→ Directions: Go to the line containing "日前,《高淳发布》和《今日高" below; retype it and all following lines exactly, and leave out the pictures.

→ Extracted data:
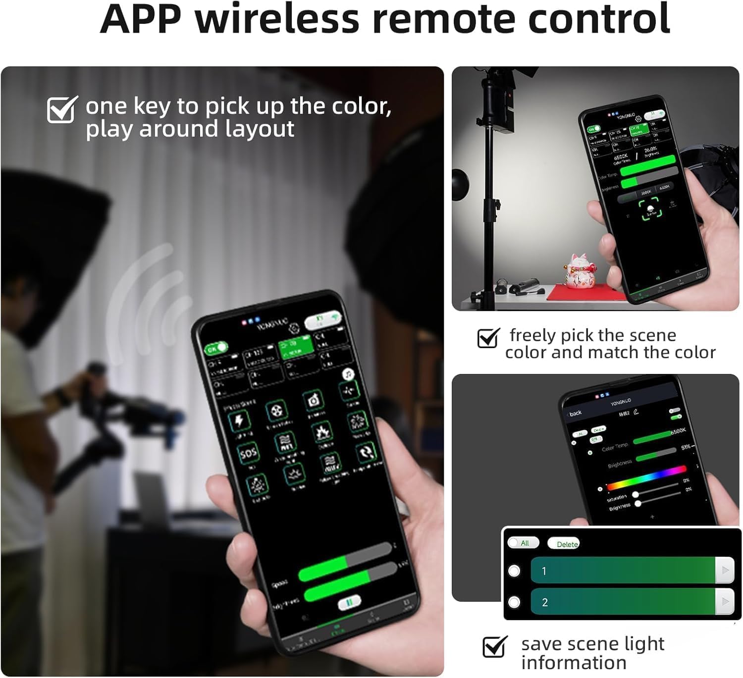 【Potência de saída de 150 W】YN150, potência constante de 150 W, luz de vídeo COB, mudanças de temperatura de cor, a potência permanece inalterada, temperatura de cor de 2700-6500 K, 18000 lúmens a 1 M com refletor padrão, RA≥95, 12 tipos de efeitos especiais de luz.
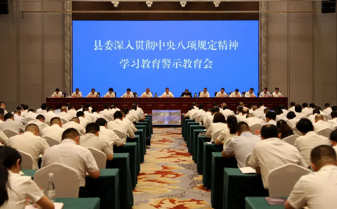 市委學(xué)習(xí)教育第二督導(dǎo)組組長謝金鋒、副組長殷祥波到會指導(dǎo),縣委副書記、縣長李茂濤,縣人大常委會主任楊志奇,縣委副書記甘露,縣委常委,其他縣級領(lǐng)導(dǎo)出席。與會人員觀看了警示教育片。
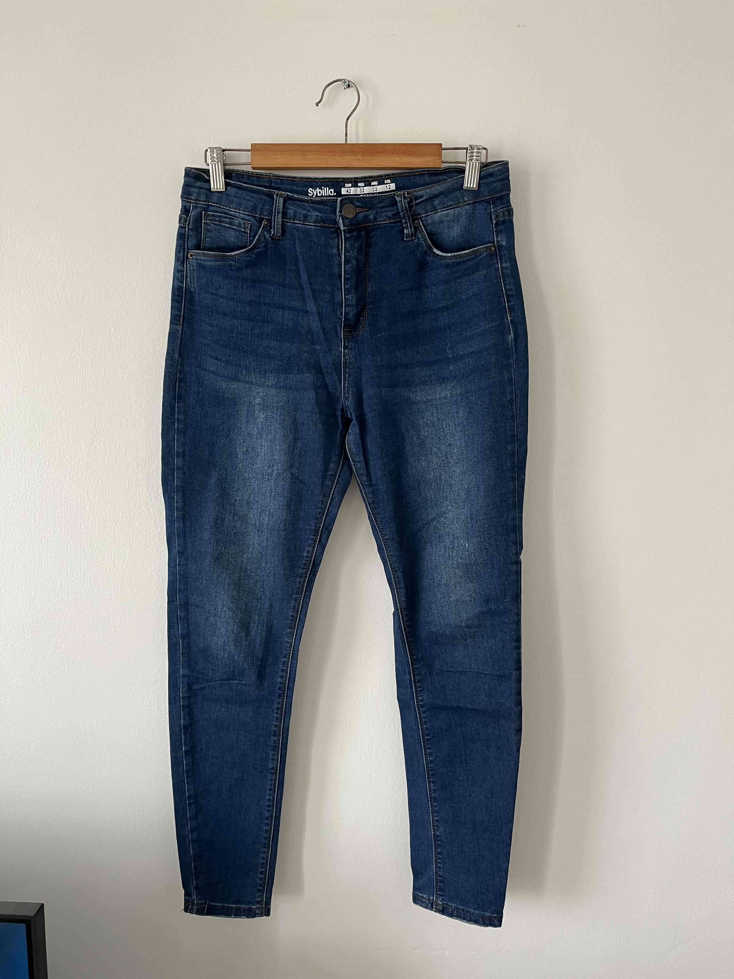 Jeans de mezclilla azul oscuro en buen estado, ideal para uso diario. Tipo skinny.
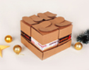 Empaque:• 4 cajas de 19 x 13,5 x 13,5 cmque forman una Caja de cartón 28 x 28 x 20 cm• Cartulina con hilo de Yute y estampillas navideñas
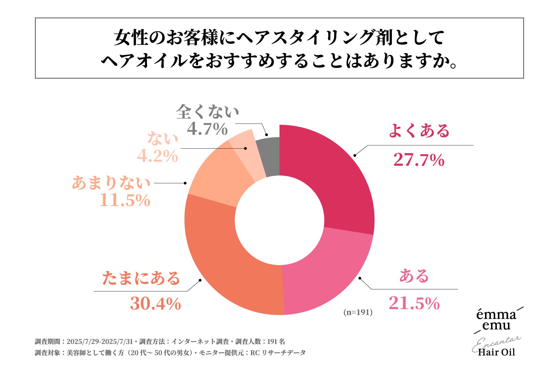 ・美容師の約8割が、女性客にヘアスタイリング剤としてヘアオイルをおすすめすることがある
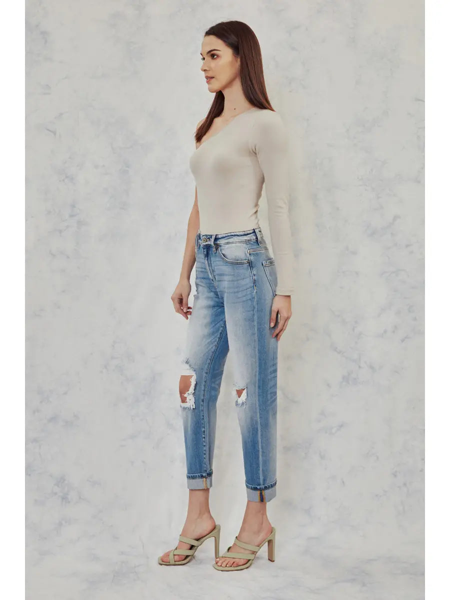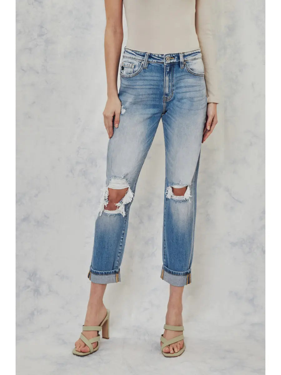 Refresh availabilityThe Milan High Rise Jeans come in an ultra-relaxed mom fit that gives you just the right amount of casual and chic. Sits above the natural waistline as it drapes over the legs for an easy and comfortable look. Made with stretch denim with a heavily faded wash, open-knee destruction, and a folded hem creating an extra lived-in style that's flexible and holds its shape. Features a classic five-pocket design, single-button front, and zip-fly closure.
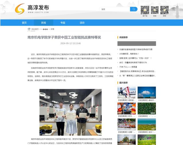 日前,《高淳发布》和《今日高淳》报纸B1版报道了球友会在线自动化工程系学子荣获中国工业智能挑战赛特等奖。全文如下:
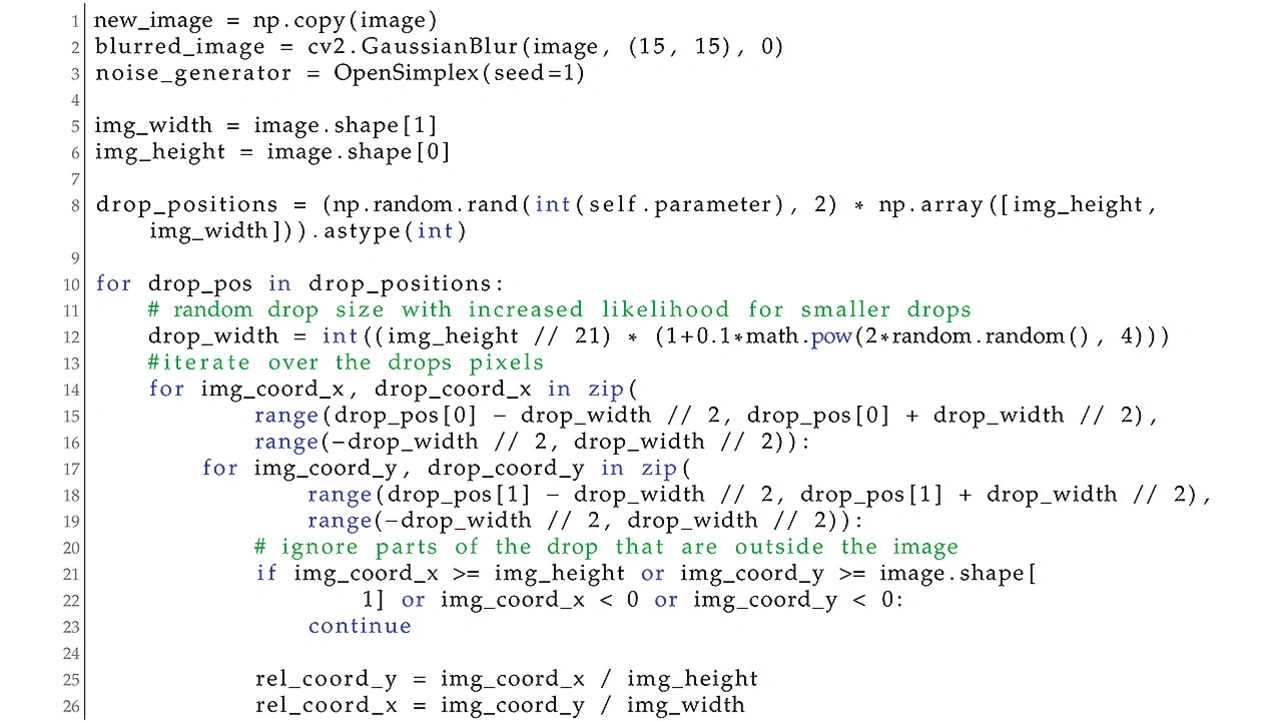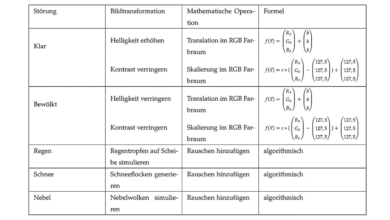 Um zu evaluieren, inwieweit metamorphe Transformationen ein Objekterkennungssystem stören können, wurden weitere Veränderungsalgorithmen implementiert. Darunter simple Effekte wie die Verdunklung des Bildes, aber auch komplexe Wettereffekte wie Hitzeflimmern, Nebel oder Schnee.

→ Reply:
 日前,《高淳发布》和《今日高淳》报纸B1版报道了球友会在线自动化工程系学子荣获中国工业智能挑战赛特等奖。全文如下:
 Um zu evaluieren, inwieweit metamorphe Transformationen ein Objekterkennungssystem stören können, wurden weitere Veränderungsalgorithmen implementiert. Darunter simple Effekte wie die Verdunklung des Bildes, aber auch komplexe Wettereffekte wie Hitzeflimmern, Nebel oder Schnee.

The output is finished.